Collection indexed to the wrong location
Many or most of the entries in this book of christenings St. Dunstans, Stepney, Middlesex, England is indexed to the wrong location, depending on what was entered as original location.
Records indexed as "Stepney" are linked to St. George's, Stepney, Barbados.
Records indexed as "St. Dunstans" are linked to Canterbury St Dunstan, Canterbury, Kent, England.
I've only found a few that include both "St. Dunstans Stepney" in the original location and that are linked to the correct church.
This is another example of the same bug that hit 1790 and 1840 U.S. census reports, and a few others, which bizarrely seems to be getting fixed on a record-by-record basis rather than just tracking down whatever change initially broke the whole thing two years ago, so, good luck with that.
Answers
-
Another one -- The United States Border Crossings from Canada to United States, 1895-1956 database:
Here's ~9,000 records that show people crossing the Canadian border into Iowa, I assume by trebuchet. It seems like the system is parsing "Immigration Place (Original): Quebec" as Quebec, Hardin, Iowa, United States.
2 -
Trebuchet rather than catapult or ballista? :-)

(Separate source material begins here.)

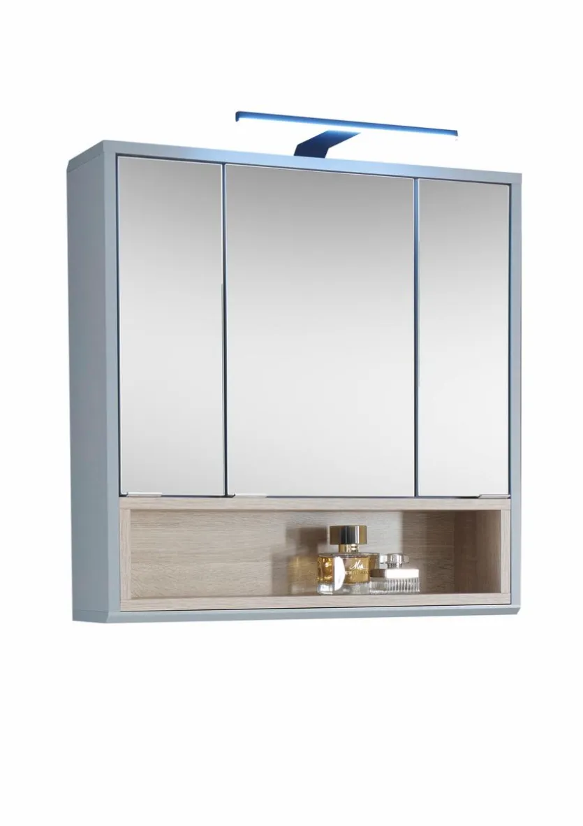 Der Spiegelschrank Tunis eignet sich in optischer und funktionaler Hinsicht besonders gut für moderne Badezimmereinrichtungen. Hinter drei Spiegeltüren und in einem Ablagefach befindet sich genügend Platz für allerlei Badezimmerutensilien. Außerdem sorgt eine umweltfreundliche und energiesparsame LED-Beleuchtung jederzeit für perfekte Lichtverhältnisse rund um den Spiegelschrank Tunis.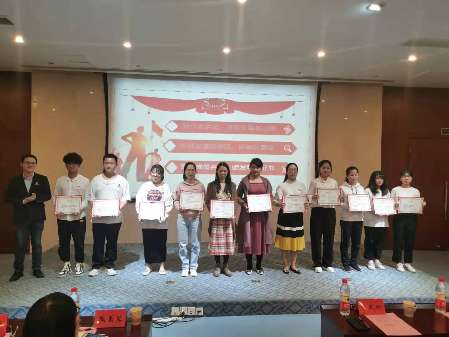 会议伊始,读书社社长雷榕芳同学向大家汇报了讲解队的筹备过程,中国船政文化博物馆、林则徐纪念馆、马江海战纪念馆为我校校外思政教育实践基地,依托三馆分别成立了三支讲解队;随后三馆讲解队大队长林灵同学为大家宣读了三馆讲解队的章程,详细介绍了讲解队的基本制度、组织制度、会议制度、学习制度、考勤制度及奖惩制度。随后,团委书记黄曦老师分别为三馆讲解队的成员颁发了聘任证书。

One (somewhat pedantic/nitpicky) correction: none of these are indexing errors. The indexed location was "Quebec", which is completely correct -- as far as it goes. The impossible relocation into Iowa was made by the computer, as part of the auto-standardization flustercluck that has completely corrupted FS's entire database, but which FS continues to expect to fix one reported error at a time. (Given that this approach will not have a noticeable effect within the current century, I no longer bother to try reporting the errors.)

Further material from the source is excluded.